Lenoir City, Tennessee officials say they’re making steady progress on their goal to deliver affordable fiber well beyond the Southern city of 12,998.
Under the collaborative umbrella of the Lenoir City Utilities Board (LCUB) and Tennessee Valley Authority (TVA), officials say they’re leveraging century-old experience in rural electrification to help bridge the digital divide across Knox and Loudon counties.
“We’re now in our fourth year of construction on our community broadband network, and we have 37,676 passings available at this time,” Allen Rollings, Director of Broadband at LCUB told ILSR.
“LCUB will continue to build until our entire electric service territory is able to access our broadband service.”
LCUB’s history dates back to 1938, when Lenoir City signed a contract with the TVA to provide public power. As with many municipalities and cooperatives, this foundational "public utility" mindset helped pave the way for eventually treating broadband as a 21st-century necessity rather than a luxury.
LCUB is the eighth largest utility among the 153 Tennessee Valley Authority distributors, serving over 96,000 electricity customers.
In 2016, LCUB built an 80-85 mile perimeter fiber ring designed to aid SCADA systems that monitor the electrical grid. Such upgrades improved the utilities’ automated metering, remote fault detection, substation monitoring and overall efficiency.
By 2019, the city had begun opening the door to the idea of leasing out excess capacity on its fiber loop to private companies, believing it made more sense to be a wholesaler than jumping directly into the residential broadband market.
Born from frustration with monopoly domination
In 2019, the city also hired Magellan Advisors to conduct a feasibility study to examine the potential for extending fiber access to the public. That study found broad local dissatisfaction at the high prices, spotty availability, and substandard customer service from local private telecom monopolies,
Much of the region is stuck under a broadband monopoly of Charter (Spectrum), AT&T, or Comcast (Xfinity). A lack of meaningful competition among the providers, combined with limited federal or state oversight of monopoly power, has broadly resulted in regional market failure. Many locals were unable to access broadband at even the (then) base FCC definition of broadband: 25 megabits per second (Mbps downstream, 3 Mbps upstream).
The city’s study estimated that Lenoir City building its own fiber optic broadband network to disrupt this competitive logjam would cost around $127.5 million, not far off from the final $132.7 million final budget.
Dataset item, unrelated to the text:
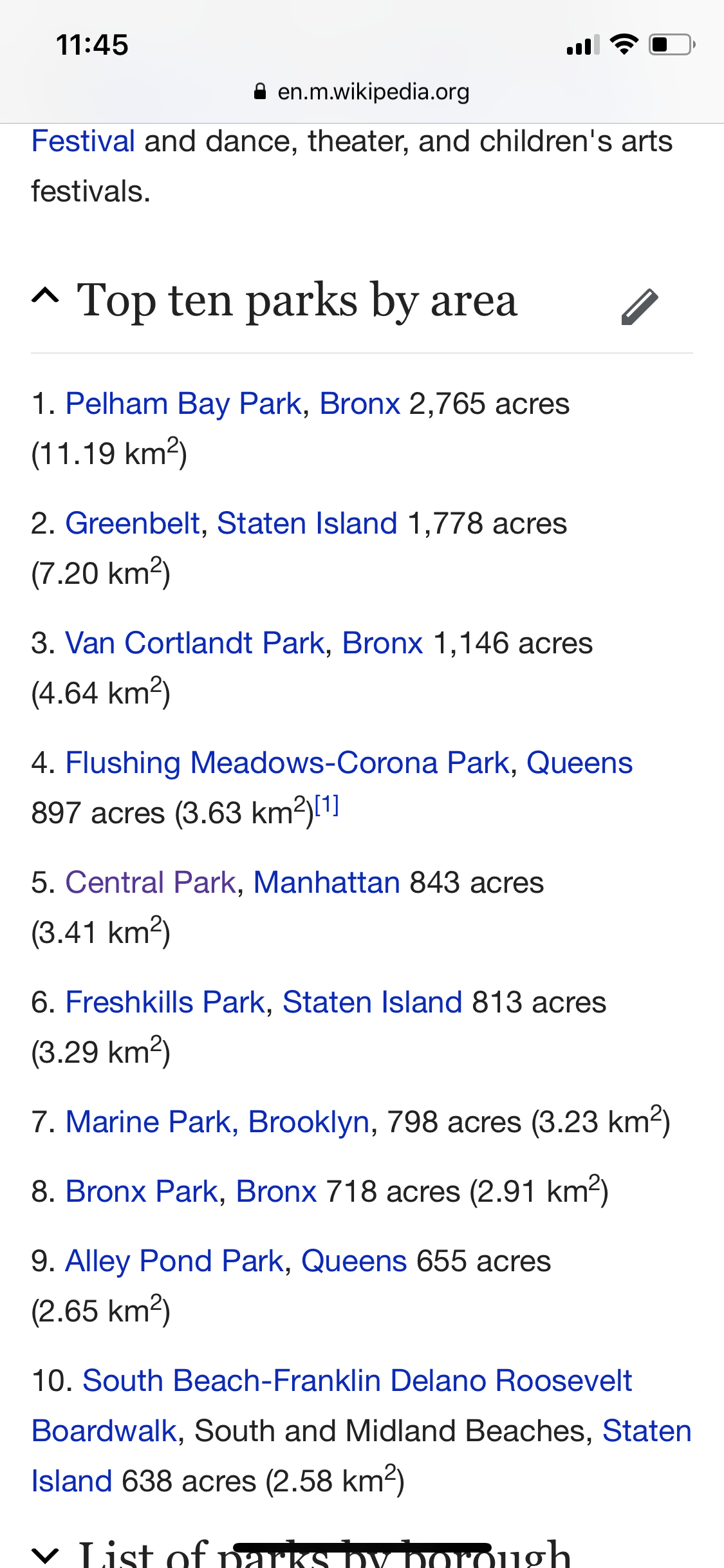 Мм, не знаю, мне трудно сравнить с каким то другим городом чтобы сказать много здесь парков для города миллионика или мало, но вот список десяти самых больших парков НЙ (и Централ Парк далеко не самый большой). Если все сложить то парки в НЙ занимают площадь больше 10,000 акров, плюс всякие скверы.. наверно это не так мало для города в котором живет 8.5 миллионов

The survey noted that 13,000 customers were already within a quarter-mile of LCUB’s existing "dark fiber" ring.
On February 22, 2022, LCUB held a public town hall to present the formal plan for grid modernization and the launch of LCUB broadband services.
After approval, construction of the public utility’s next-gen fiber network began in August of 2022, and the first customers came online in June of 2023. The launch of residential fiber access came on the back of a $21.7 million loan from the electric division to the broadband division, with most deployment costs being borne by expanding subscriber fees.
Locals are now able to get fiber speeds at prices far less than any regional incumbent monopoly, including a symmetrical 1 gigabit per second (Gbps) fiber tier for $70 a month; a symmetrical 1 Gbps fiber tier with “managed WiFi” for $80 a month; and a symmetrical 2.5 Gbps fiber tier for $100 a month.
All of the utility’s broadband tiers come without usage caps and overage fees, hidden surcharges, or long-term contracts.
Powering Through Incumbent Astroturf Campaign
As is usually the case, the network drew the ire of proxy groups for regional monopoly providers, who falsely claimed in local editorials that the popular broadband expansion wasn’t necessary because regional providers already delivered access to the region.
But according to officials, the network has not only been deployed on a faster timeline than many similar projects, but it continues to expand well beyond the original confines of Lenoir City.
“We serve all of Lenoir city, the Hardin Valley community, a decent portion of Knox County, and most of Loudon County today,” Rollings said, sharing a service territory map in which the yellow portion are construction areas, and the empty outlines are the remaining territory to be built.
According to Rollings, LCUB is targeting around 18 to 24 months for network completion. Tennessee is also prepared to receive $813 million in additional BEAD subsidies to aid rural broadband deployment thanks to the 2021 infrastructure bill.